Papers by Wouter Joosen

Parking Sensors: Analyzing and Detecting Parked Domains

In the same vein as the ecological study of ad injectors I reviewed back in June, this paper does an ecological analysis of domain parking. Domain parking is the industry term of art for the practice of registering a whole bunch of domain names you don’t have any particular use for but hope someone will buy, and while you wait for the buyer, sticking a website consisting entirely of ads in the space, usually with This domain is for sale! at the top in big friendly letters. Like many ad-driven online business models, domain parking can be mostly harmless or it can be a lead-in to outright scamming people and infesting their computers with malware, and the research question in this paper is, how bad does it get?

In order to answer that question, the authors carried out a modest-sized survey of 3000 parked domains, identified by trawling the DNS for name servers associated with 15 known parking services. (Also like many other online businesses, domain parking runs on an affiliate marketing basis: lots of small fry register the domains and then hand the keys over to big services that do the actual work of maintaining the websites with the ads.) All of these services engage in all of the abusive behavior one would expect: typosquatting, aggressive behavioral ad targeting, drive-by malware infection, and feeding visitors to scam artists and phishers. I do not come away with a clear sense of how common any of these attacks are relative to the default parking page of advertisements and links—they have numbers, but they’re not very well organized, and different sets of parking pages were used in each section (discussing a different type of abuse) which makes it hard to compare across sections.

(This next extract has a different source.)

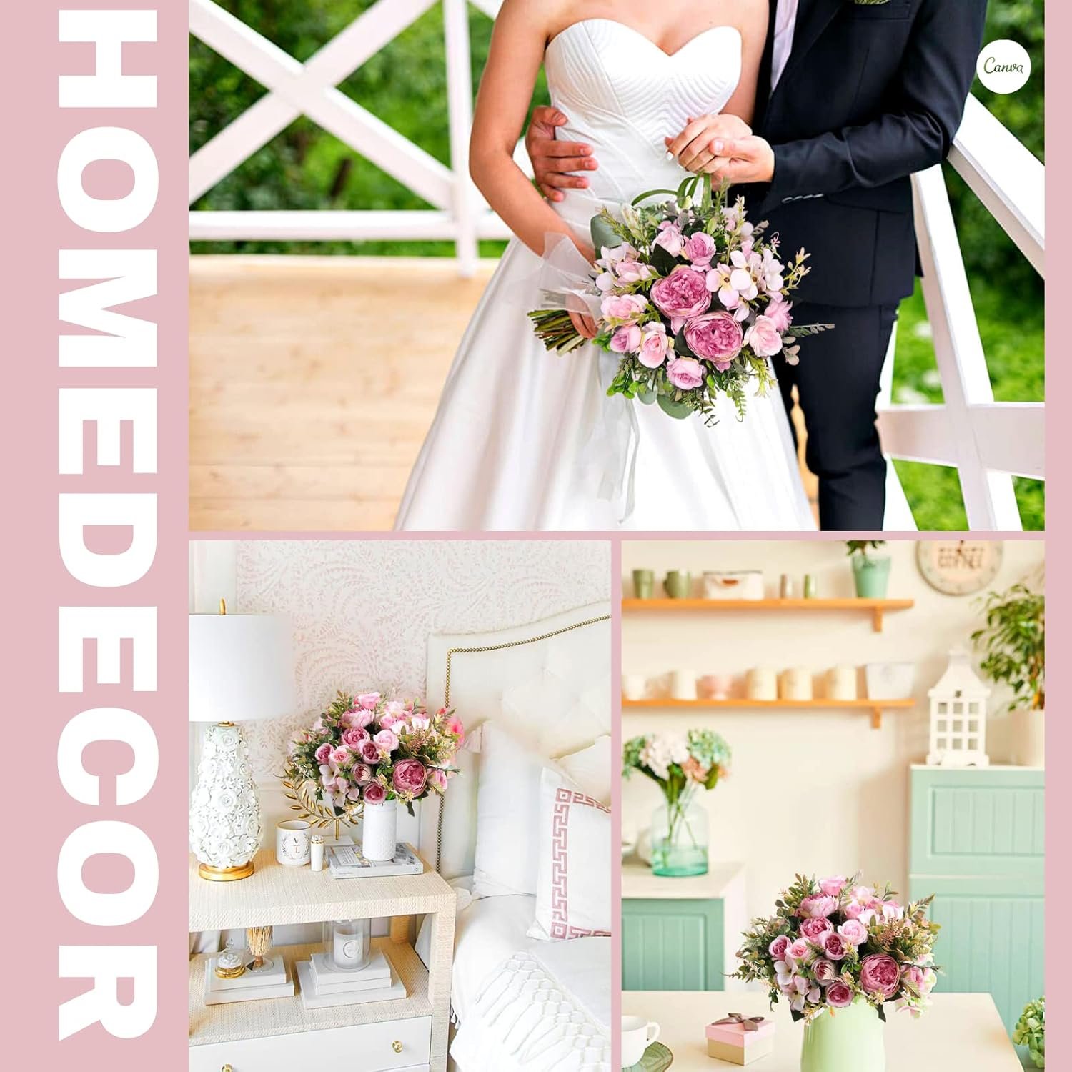 ASTRYAS Artificial Flowers, Pink Artificial Peony Small Silk Flowers Fake Peonies Bouquet Rose Flower Arrangement Table Centerpiece for Dining Party Home Decoration(Pink)

I’m most interested in the last section of the paper, in which they develop a machine classifier that can distinguish parking pages from normal webpages, based on things like the amount of text that is and isn’t a hyperlink, number of external links, total volume of resources drawn from third-party sources, and so on. The bulk of this section is devoted to enumerating all of the features that they tested, but doesn’t do a terribly good job of explaining which features wound up being predictive. Algorithmic choices also seem a little arbitrary. They got 97.9% true positive rate and 0.5% false positive rate out of it, though, which says to me that this isn’t a terribly challenging classification problem and probably most anything would have worked. (This is consistent with the intuitive observation that you, a human, can tell at a glance when you’ve hit a parking page.)